Python multiprocessing pickling error

I am sorry that I can't reproduce the error with a simpler example, and my code is too complicated to post. If I run the program in IPython shell instead of the regular python, things work out well.

I looked up some previous notes on this problem. They were all caused by using pool to call function defined within a class function. But this is not the case for me.

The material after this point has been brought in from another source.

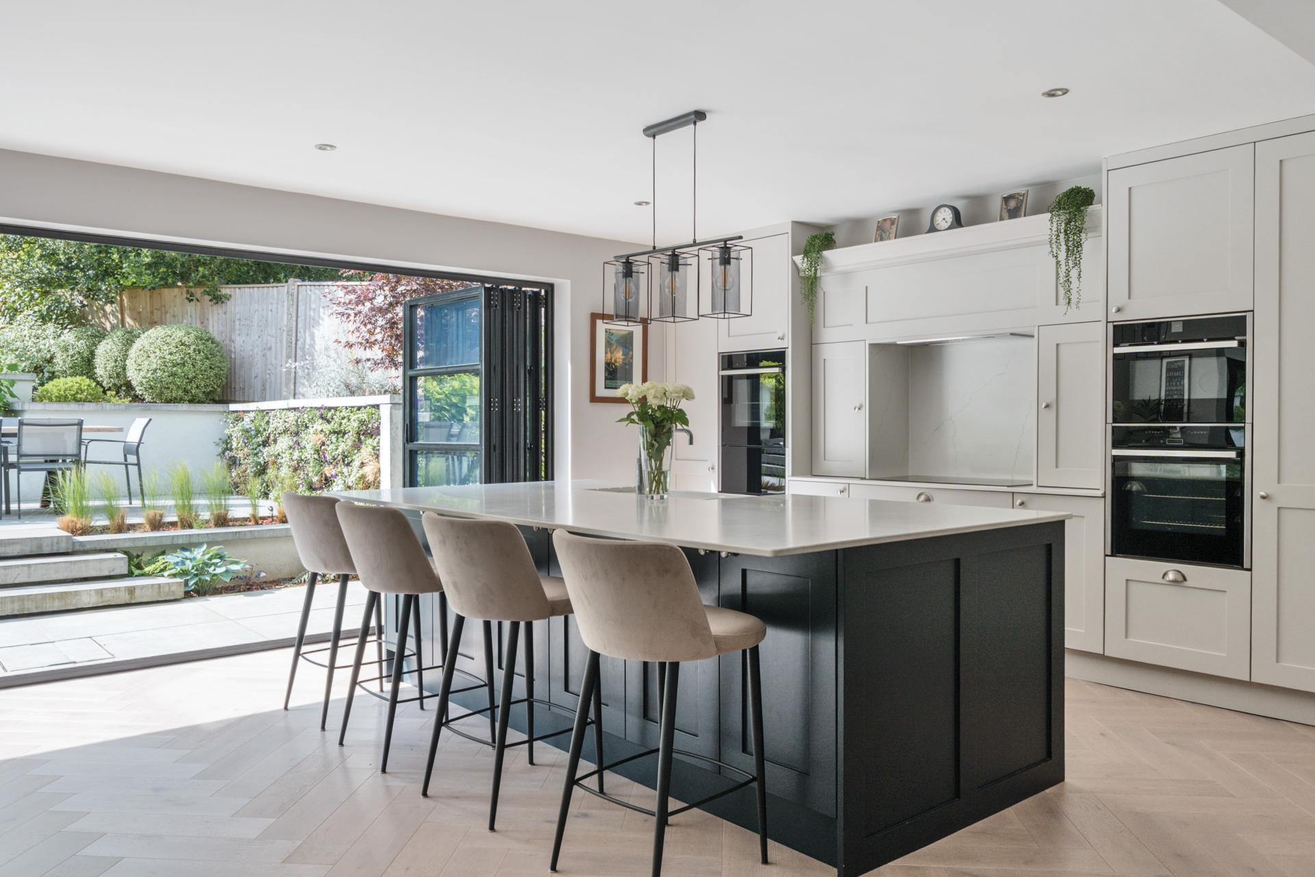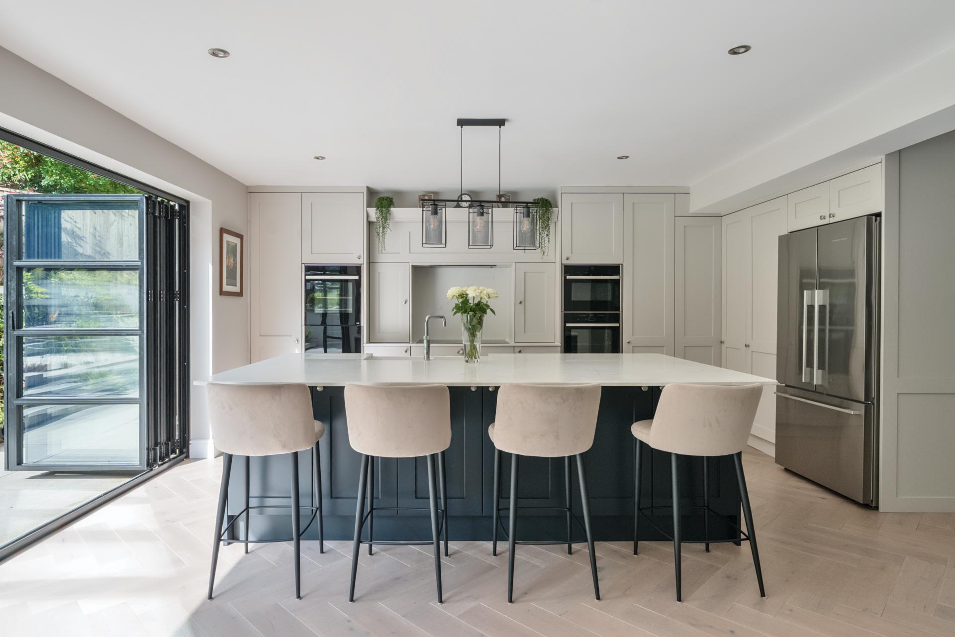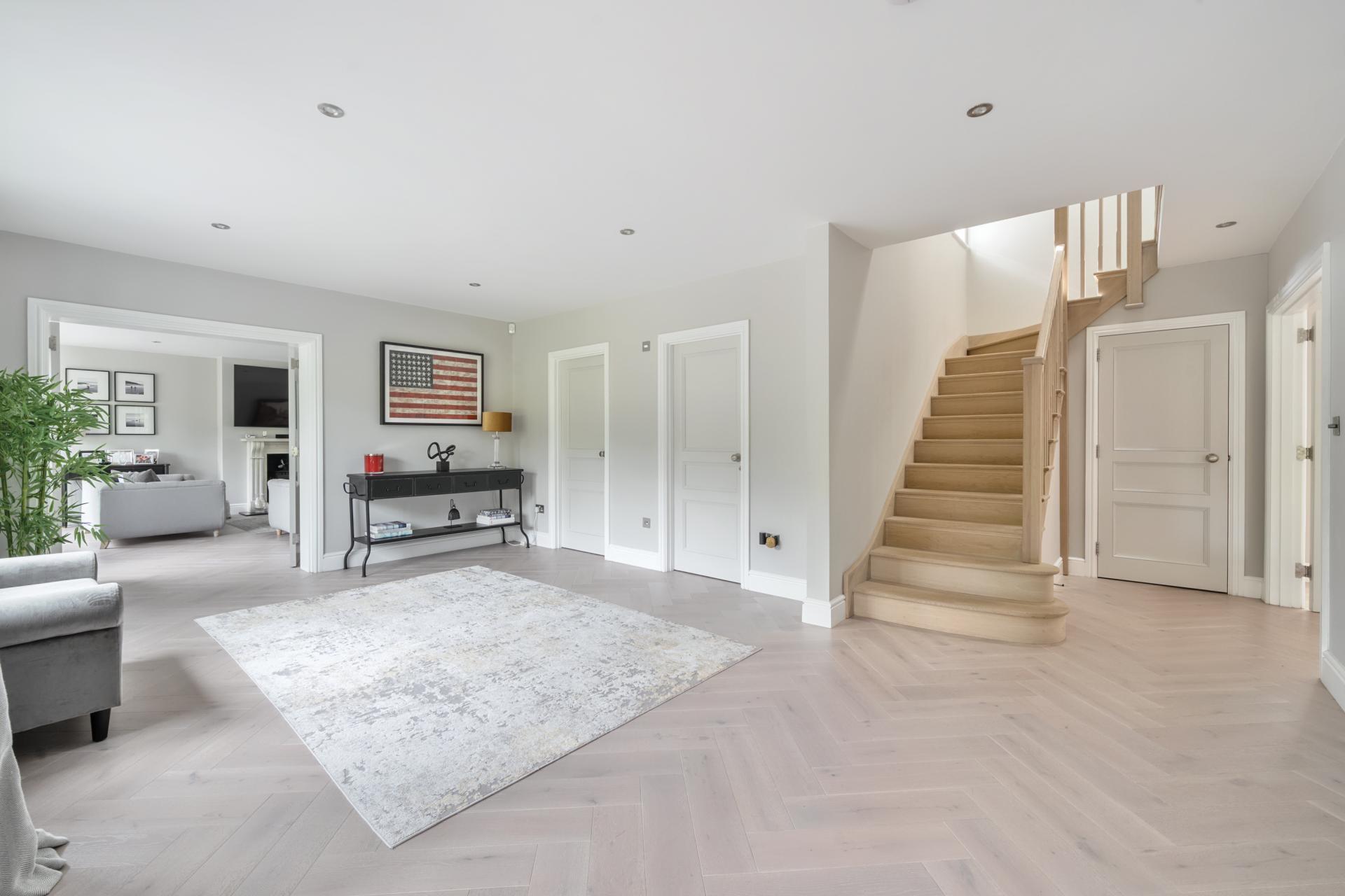 Upon entering, the large reception hall provides access through to the main reception rooms. There is a large drawing room on one side with a woodburner and doors onto the garden. The kitchen/diner/family room is the heart of this home, with 6 metre bi-fold doors opening onto the terrace, which spans the width of the property. The kitchen is fitted with a shaker style units, with Silestone work tops and boasts Neff appliances, Fisher & Paykel Fridge/Freezer and 5 in 1 Quooker tap. The sitting room overlooks the front garden, which in turn leads into a well presented study. In addition, there is a downstairs cloakroom, coat cupboard and utility room. The whole of the ground floor is fitted with underfloor heating and is laid with white engineered oak flooring throughout.

Exception in thread Thread-3:
Traceback (most recent call last):
File "/usr/lib64/python2.7/threading.py", line 552, in __bootstrap_inner
self.run()
File "/usr/lib64/python2.7/threading.py", line 505, in run
self.__target(*self.__args, **self.__kwargs)
File "/usr/lib64/python2.7/multiprocessing/pool.py", line 313, in _handle_tasks
put(task)
PicklingError: Can't pickle <type 'function'>: attribute lookup __builtin__.function failed


I would appreciate any help.

UPDATE: The function I pickle is defined at the top level of the module. Though it calls a function that contains a nested function. i.e, f() calls g() calls h() which has a nested function i(), and I am calling pool.apply_async(f). f(), g(), h() are all defined at the top level. I tried simpler example with this pattern and it works though.

Answer

Here is a list of what can be pickled. In particular, functions are only picklable if they are defined at the top-level of a module.

This piece of code:

import multiprocessing as mp

class Foo():
    @staticmethod
    def work(self):
        pass

pool = mp.Pool()
foo = Foo()
pool.apply_async(foo.work)
pool.close()
pool.join()

yields an error almost identical to the one you posted:

Exception in thread Thread-2:
Traceback (most recent call last):
  File "/usr/lib/python2.7/threading.py", line 552, in __bootstrap_inner
    self.run()
  File "/usr/lib/python2.7/threading.py", line 505, in run
    self.__target(*self.__args, **self.__kwargs)
  File "/usr/lib/python2.7/multiprocessing/pool.py", line 315, in _handle_tasks
    put(task)
PicklingError: Can't pickle <type 'function'>: attribute lookup __builtin__.function failed

The problem is that the pool methods all use a queue.Queue to pass tasks to the worker processes. Everything that goes through the queue.Queue must be pickable, and foo.work is not picklable since it is not defined at the top level of the module.

It can be fixed by defining a function at the top level, which calls foo.work():

def work(foo):
    foo.work()

pool.apply_async(work,args=(foo,))

Notice that foo is pickable, since Foo is defined at the top level and foo.__dict__ is picklable.